While the overall risk to the population is still considered low, the Government hopes to reduce further spread and ensure a high level of protection from paralysis.

The UK Health Security Agency (UKHSA) first warned that vaccine-derived poliovirus had been found in east London’s sewage in June, suggesting “there has been some spread between closely linked individuals in North-East London”.

However, following further testing, evidence suggests “transmission has gone beyond a close network of a few individuals” in Waltham Forest and seven other London boroughs in north and east London.

Booster vaccines will be offered first to children in Waltham Forest and other affected boroughs, followed by a “rapid rollout” across London.

Dr Vanessa Saliba, consultant epidemiologist at UKHSA said: “No cases of polio have been reported and for the majority of the population, who are fully vaccinated, the risk is low.

“But we know the areas in London where the poliovirus is being transmitted have some of the lowest vaccination rates. This is why the virus is spreading in these communities and puts those residents not fully vaccinated at greater risk.

“Polio is a serious infection that can cause paralysis… The last case of polio in the UK was in 1984 but, before we introduced the polio vaccination programme decades ago, around 8000 people would develop paralysis every year.

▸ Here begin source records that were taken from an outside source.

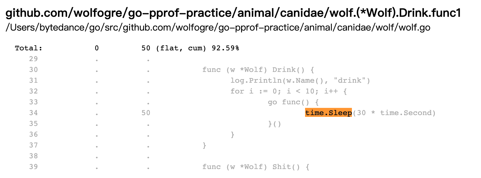 通过火焰图我们可以看出来是 Drink 函数中调用的 time.sleep 占用资源最多,用 source 视图查看:
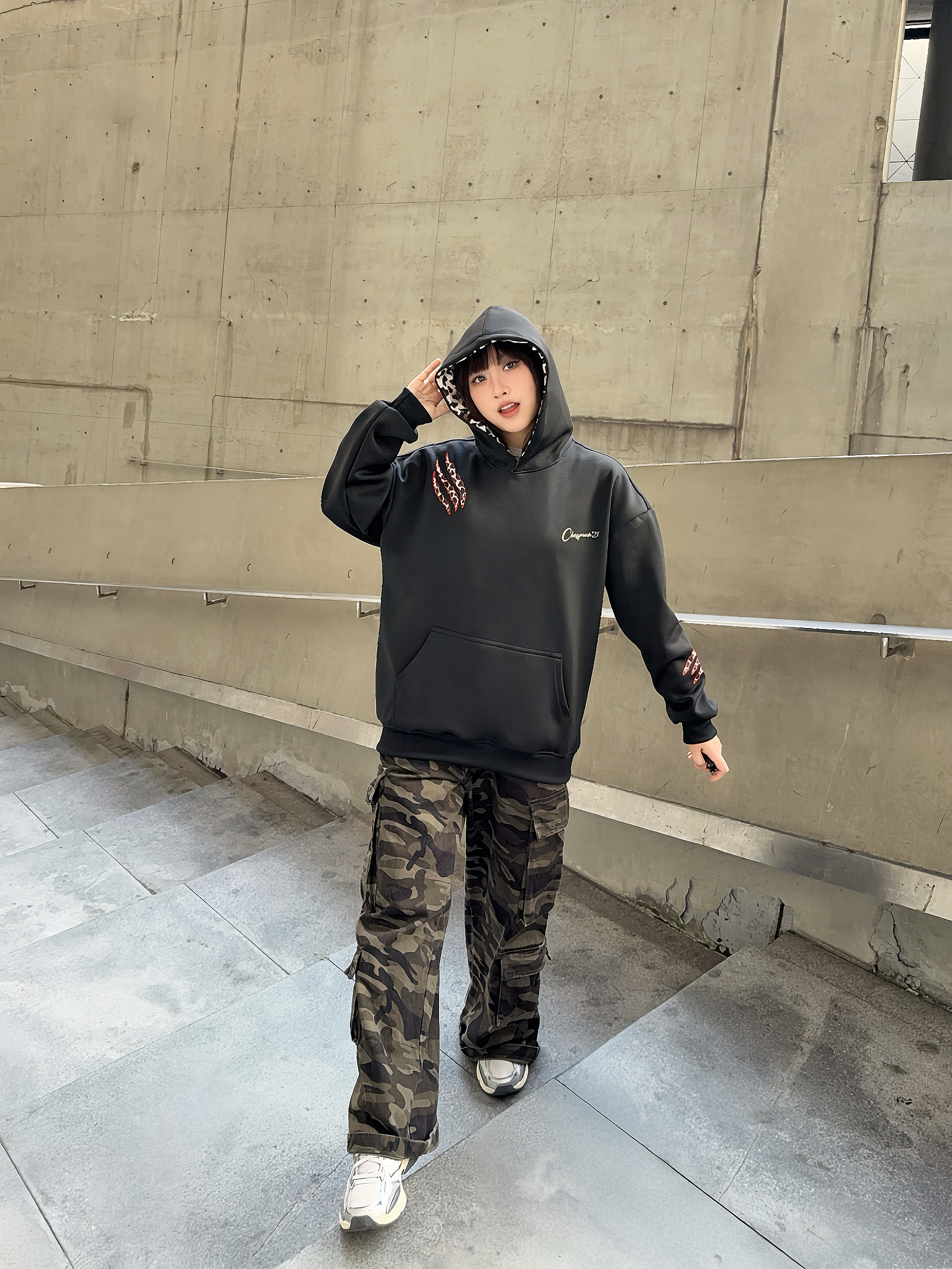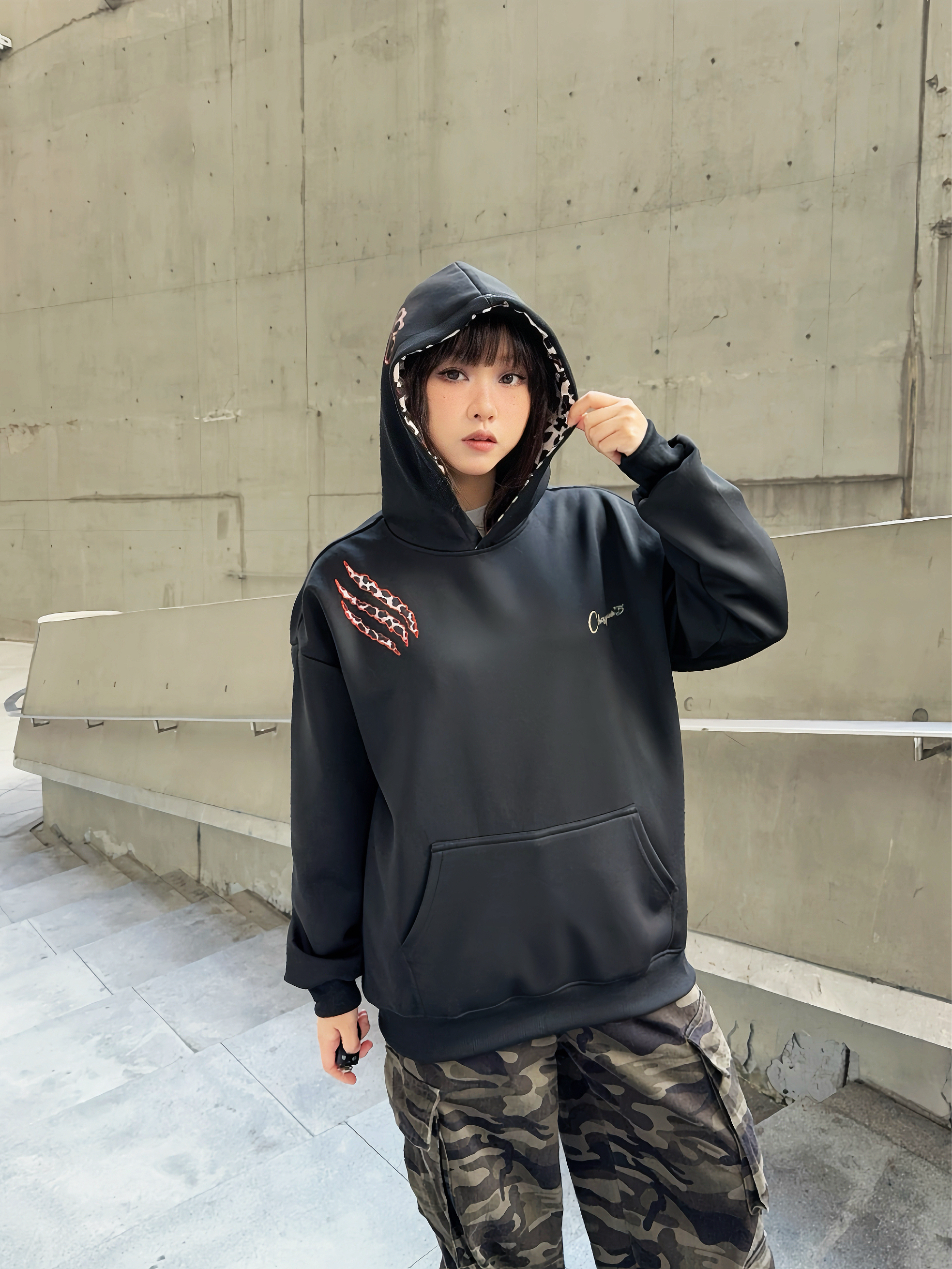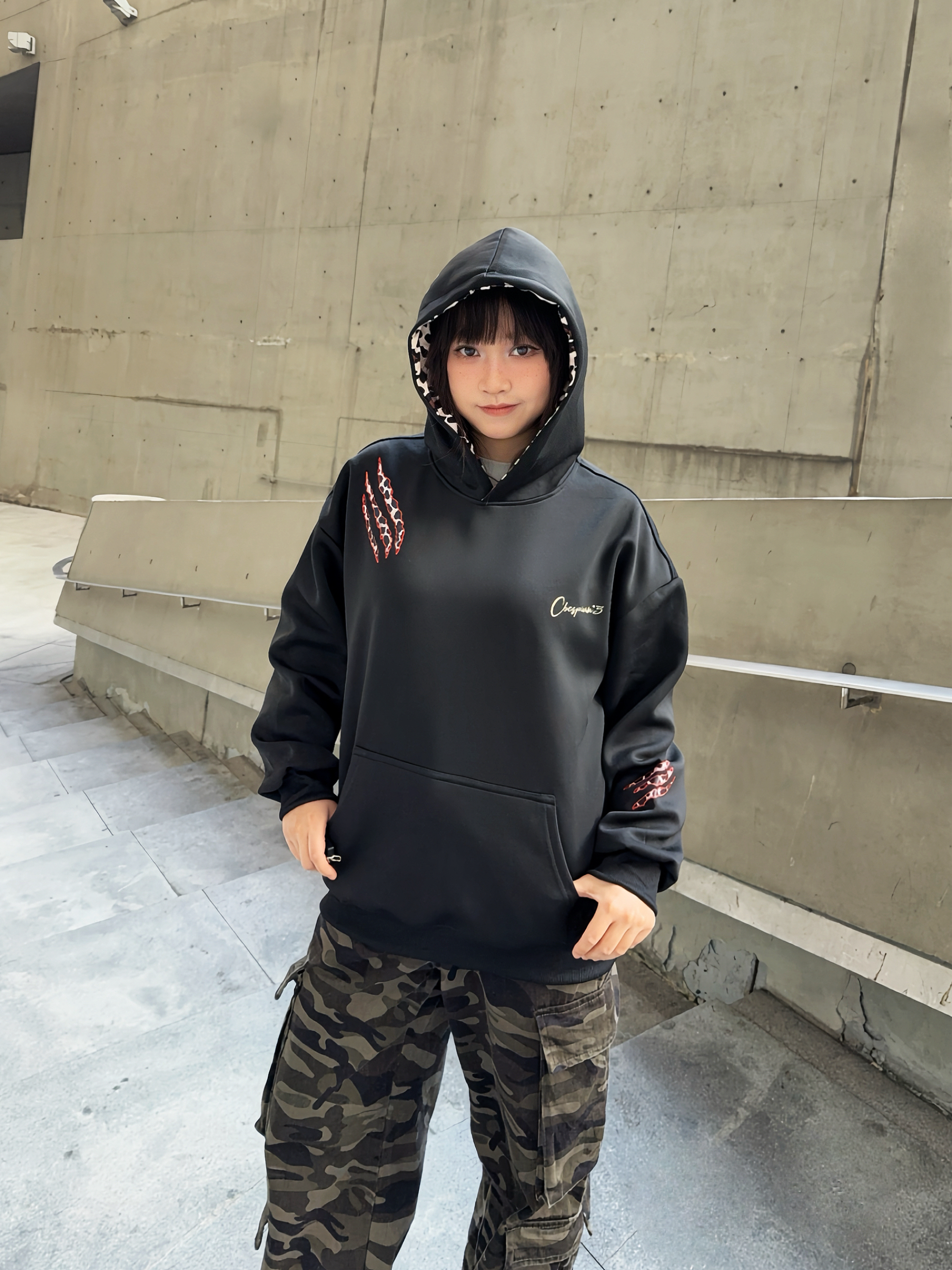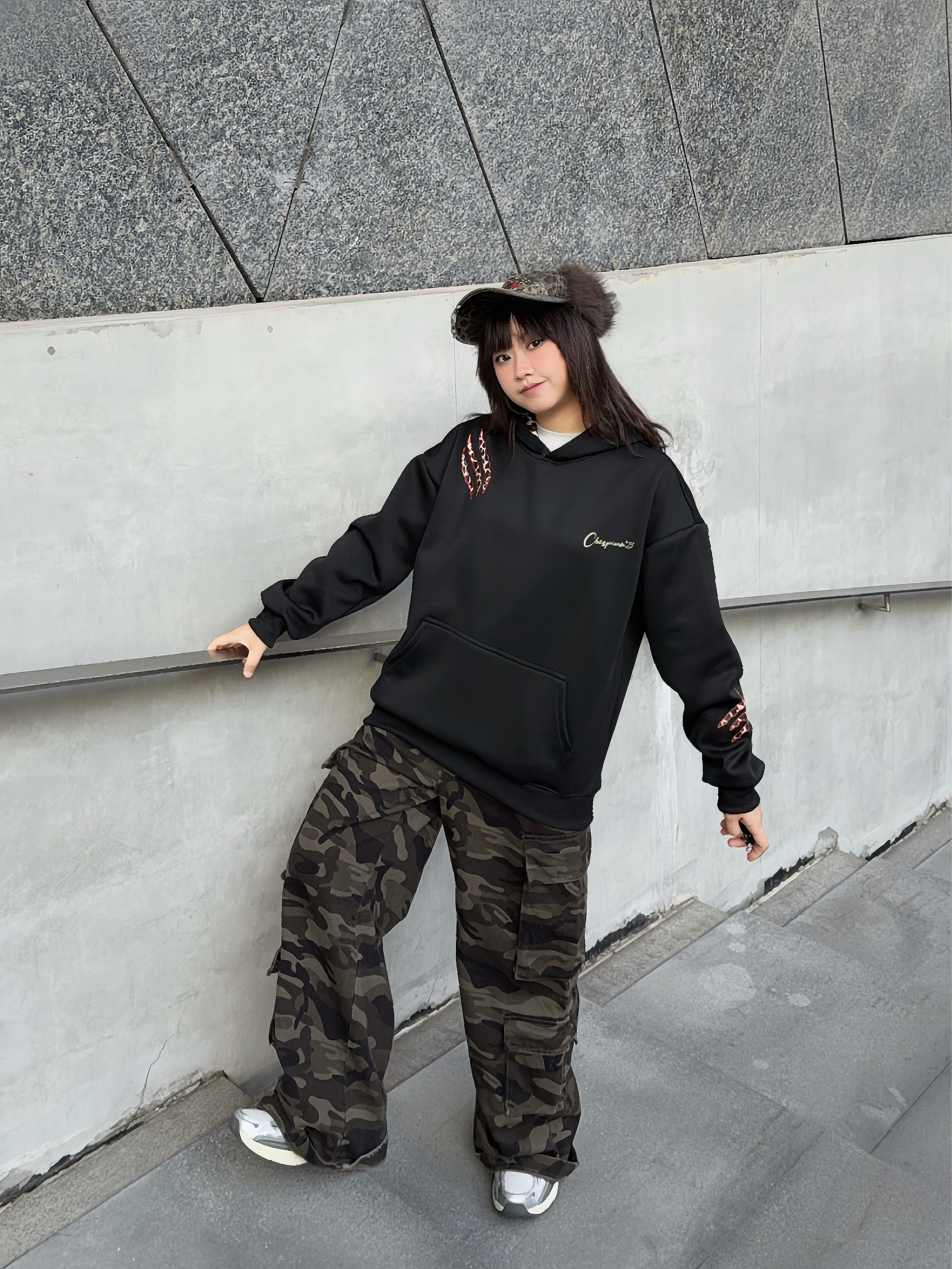 这套ootd不吃建模!😎松弛感街头风穿搭,谁穿谁好看~ 🐈⬛ 草本初色 美式卫衣,豹纹爪痕印花贼酷,帽子上还有🐾图案,很有小众感,偏宽松的版型不挑人穿,厚度也比较在线! ☑️搭配同风格迷彩裤,街头vibe拿捏了~
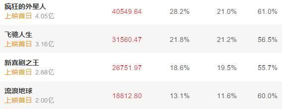 经过一天激烈的厮杀,几部华语大片终于决出了首日胜负。《疯狂的外星人》以4.05亿的首日票房力压群雄夺冠,场均高达88人,冠绝全场;吴京《流浪地球》豆瓣8.4分,堪称春节档口碑第一大片。
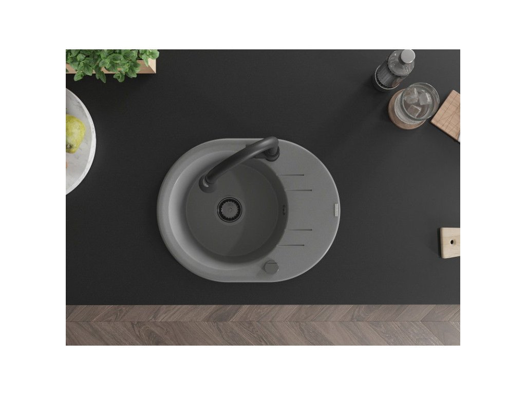 Granitový drez Mexen Kevin s 1 misou, odkapávačom a kuchynskou batériou Elia, sivý - 6517-71-670101-70-B
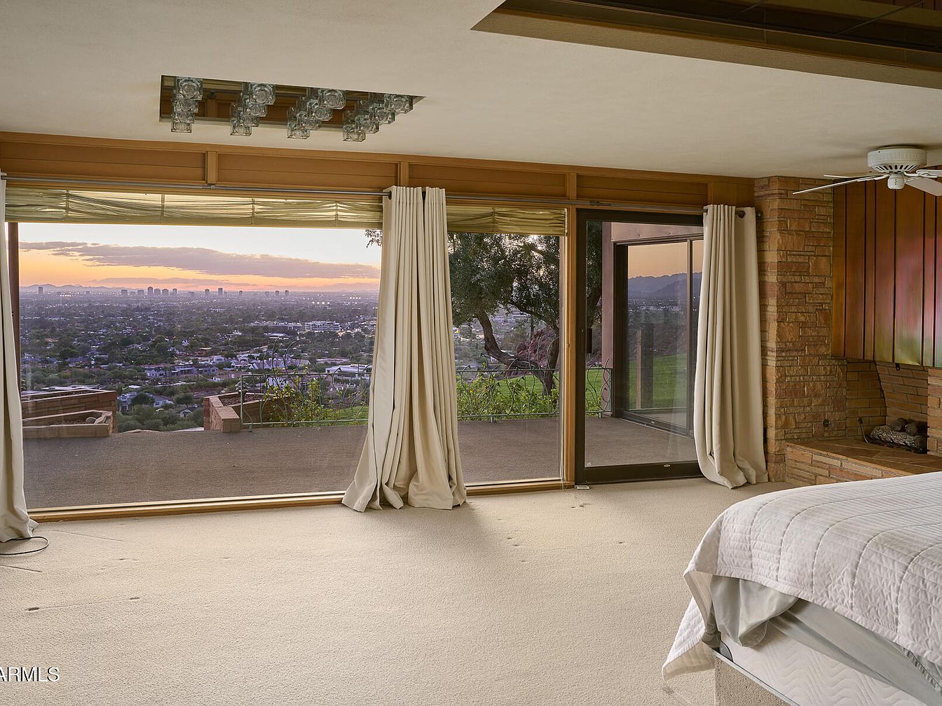 This spacious master bedroom seamlessly blends comfort and elegance with a stunning panoramic view. The subtle color palette of soft creams and earthy tones creates a serene atmosphere. A plush king-sized bed is the focal point, adorned with decorative pillows that add a pop of color. Architectural highlights include built-in shelving and expansive windows framed by soft curtains, allowing natural light to flood the space. The luxurious carpet enhances warmth, making it a cozy retreat. A ceiling fan adds modern convenience, and the mirrored accents provide a sense of openness, while the brick wall adds enduring character to the room.
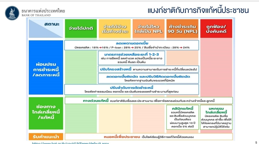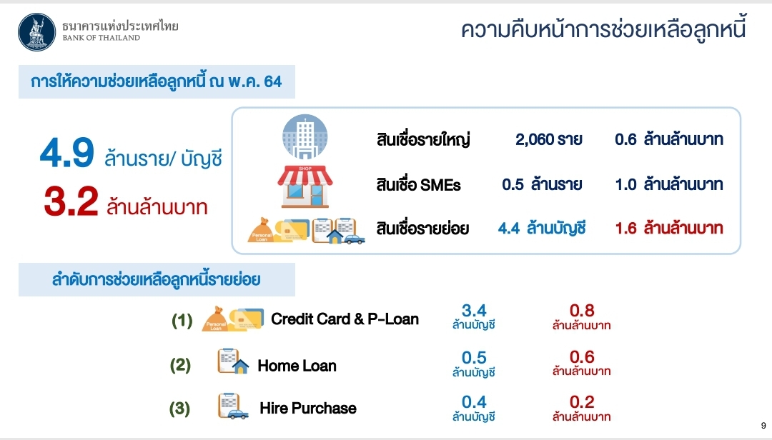 21 กรกฎาคม 2564 : นางสาวธัญญนิตย์ นิยมการ ผู้ช่วยผู้ว่าการ สายกำกับสถาบันการเงิน 2 ธนาคารแห่งประเทศไทย หรือ ธปท. เปิดเผยใน Media Briefing เรื่อง แบงก์ชาติกับภารกิจแก้หนี้ประชาชน ว่า ความคืบหน้าการช่วยเหลือลูกหนี้ ณ เดือนพ.ค.2564 รวมทั้งสิ้น 4.9 ล้านรายต่อบัญชี คิดเป็นเงิน 3.2 ล้านล้านบาท แบ่งเป็นสินเชื่อรายใหญ่จำนวน 2,060 ราย คิดเป็นเงิน 0.6 ล้านล้านบาท สินเชื่อ SMEs จำนวน 0.5 ล้านราย คิดเป็นเงิน 1.6 ล้านล้านบาท สินเชื่อรายย่อยจำนวน 4.4 ล้านบัญชี คิดเป็นเงิน 1.6 ล้านล้านบาท
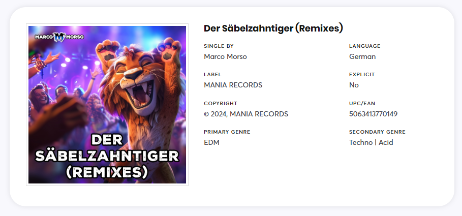 Contact us: Marco Morso | c/o MANIA RECORDS, Attn. Marc Milde | E-Mail: info@mania-records.de
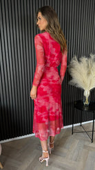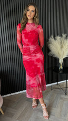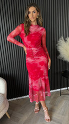 Slay the fashion game with our Charlene Red Printed Ruched Cowl Collar Midi Dress. Made from stretch tulle, this dress hugs your curves in all the right places with its fitted long sleeves and ruched front and waist. The elegant silhouette and slightly elasticated back ensure a perfect fit for that special occasion.

“It is vital parents ensure their children are fully vaccinated for their age. All children aged one to nine years in London need to have a dose of polio vaccine now – whether it’s an extra booster dose or just to catch up with their routine vaccinations.”

Polio is a stomach bug that can, in a very small number of cases, spread to the nervous system and cause muscle weakness, paralysis or even death.

The virus strains found are believed to have mutated from a weakened but living form of the poliovirus used to vaccinate people in some foreign countries, which has not been used in the UK since 2004. 

These weaker “vaccine viruses” can spread in under-vaccinated communities and, in the process, mutate into a stronger “vaccine-derived poliovirus”, which behaves more like the original strain. 

Covid vaccines do not use a live form of the virus, meaning a similar phenomenon will not happen.